Comment by Suzanne Olson-Hyde on October 13, 2012 at 1:12am

@ Tom Serbeck - Spot on - people know the results if anybody started a nuclear war - and it just won't happen - Iran, nope. They know that if they dropped a bomb anywhere - Iran would no longer exist - Arms dealers know they and their families could well die, and there goes the fabulous ship they just bought. They will want to keep their money coming in from the smaller arms. It is just good for their business.

It is very big problem if the religious crazies get their hands on a nuclear bomb totally different scenario.

Comment by James Cox on April 22, 2013 at 6:31pm

I would rather have 'Mutually Assured Reasonable Happiness'.

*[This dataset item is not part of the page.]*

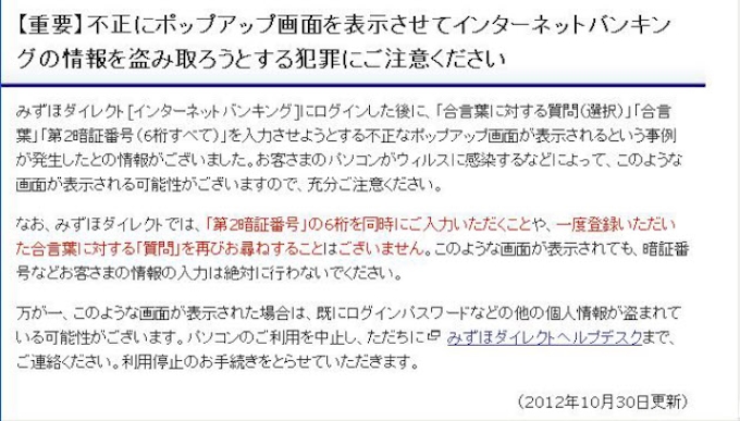 重要 みずほダイレクトにおいて 第2暗証番号6桁を盗み取ろうとするウィルスにご注意ください みずほ銀行

Comment by Unseen on April 22, 2013 at 6:37pm


Why is it that when people argue that the bombings of Hiroshima and Nagasaki were necessary, they never bother to ask whether the entire war was necessary in the first place? Had the Japanese stayed home and conducted tea ceremonies and Zen meditation rather than invading China, New Guinea, The Philippines, and elsewhere, and had they not engaged in the various well-documented war crimes against both civilians and prisoners of war—not to mention the attack on Pearl Harbor—there would never have been a Hiroshima and Nagasaki.

Would there?

Comment by angela kozma on April 22, 2013 at 6:51pm

@strega watched video. My running thought is yikes. I know it was written as a farce but yike. At least the prime minister thought about consequences of the red button.

Comment by Unseen on April 22, 2013 at 7:15pm

Absolutely not. We bear some shame for how we handled the end of the war, they bear the BLAME for starting it.

Comment by SteveInCO on April 22, 2013 at 9:05pm

It would likely have taken over a year and a million casualties on both sides to have invaded Japan.  And while we were bogged down in that mess, the Soviet Union might have absorbed Western Europe as well as Eastern Europe.